My Grandmother found Walkin’ Jim in The NYT (80’s early 90’s) and sent me the piece. My wife gifted me ALL available cassette tapes for my birthday and we watched for nearby tour dates.
I saw Walkin’ Jim only twice: Madison WI & a nature center west of Milwaukee, I don’t recall the name.

Walkin’ Jim was a connection to the wild I once visited, frequented and worked in. The images he sang brought the wild alive where ever he toured. I have young nieces & nephews with whom I will take pride introducing Walkin’ Jim to.

Walk in peace, Walkin’ Jim.


By Steve Roberts, Slippery Rock, PA

November 23, 2010

I have been so busy as usual and just thought of Jim the other day and wondered why I had not heard from him as I usually do in the fall.  I am just now hearing of his passing and thinking how fortunate I got to see him one last time when he stopped between concerts last year.  I had always planned he and I taking a long “walk” together when I retired here in a year or so.  Guess I will do one to honor him and reflect on his positive influence and great music.  I just found out but that does not make it hurt any less.

See you again my friend.


By Jack Young

November 20, 2010

I met Walkin’ Jim the winter of ’82-’83 in Big Sky Montana where he had a winter gig in the local bar. He was probably the first long distance hiker I ever met. I ran into him in ~2001 in Davis, CA after he had given a show. It was so good to see him again. Yesterday I learned that he died and I’m a bit sad today. Feel like heading out on the Crest.

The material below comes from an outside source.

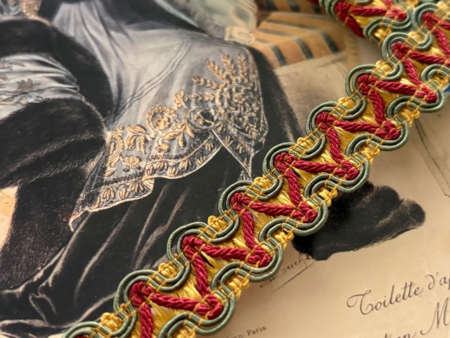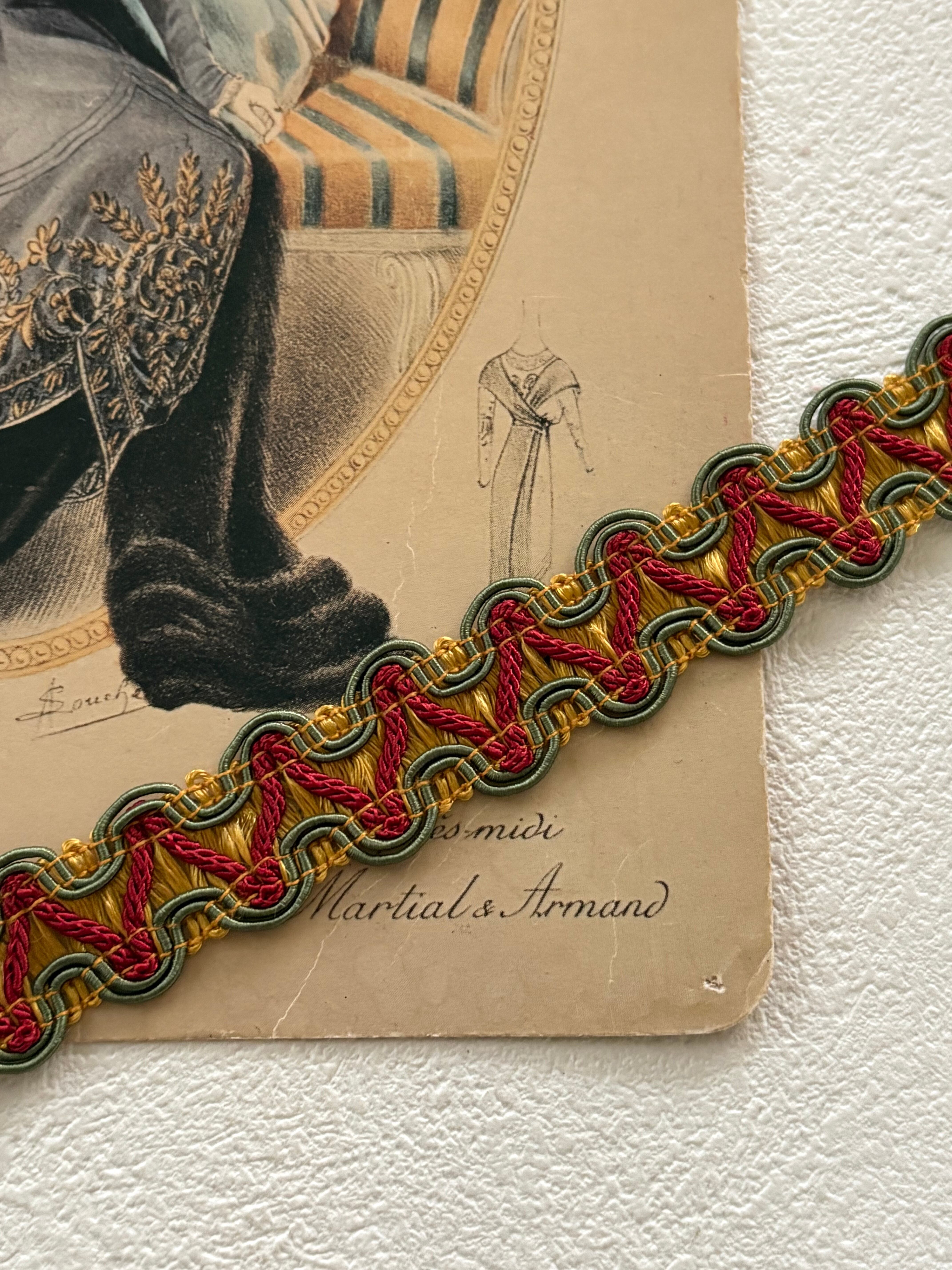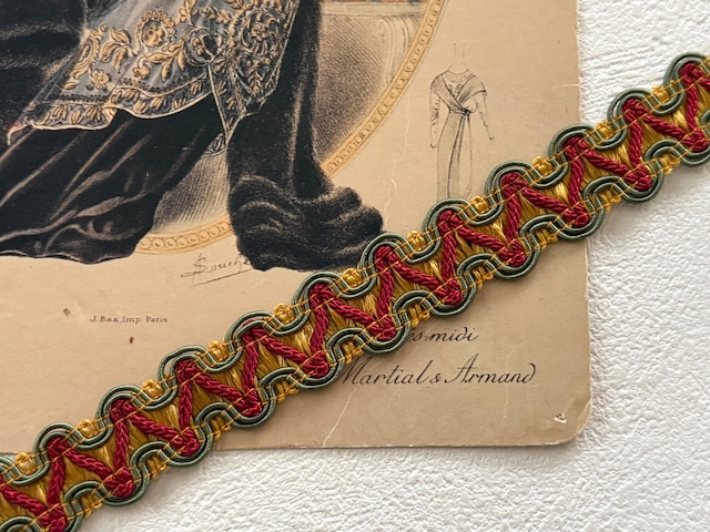 輸入デザインブレード フランス マスタードイエロー×カーキ×レッド 18mm 50cm/カット単位 カルトナージュ デコレーション材

Jim certainly knew how to “Think Like a Mountain.”

Submitted by Rich Leon

November 16, 2010

I am very glad to see you are still doing the newsletter.I had the pleasure of knowing Jim for many years having brought him to Spokane about 5 or 6 times to do shows. He was here to do a show just a few days before he did his last show.Every time I go for a hike in the mountains a part of him goes with me and when he reach the high point on the mountain I raise my bottle of water to the sky and say “Thank you my friend for all the memories”

What a highlight Jim was to our wedding’s rehearsal (sleigh ride) dinner in December 2003.  His personality was a true delight and his music a perfect blessing to us and our family on this, truly a most special, occasion.  We will miss him indeed and he will always be remembered.

The Nelsons – Kurt, Gale and Nico of  Boynton Beach Florida

By Jen Lindsay and Nicholas Zuckerman 

November 5, 2010

I’m still in shock to learn that Walkin’ Jim past away well over 2 months ago… we’ve been listening to his music a lot these days, just relishing in great memories of when Jim came through Petrolia.  We loved his presence, his stories, his songs… my students and I sang his songs for months and months…

Thanks, Jim….. may you rest in peace … you’ve left such a wonderful mark on our planet.   Thanks for loving the wild!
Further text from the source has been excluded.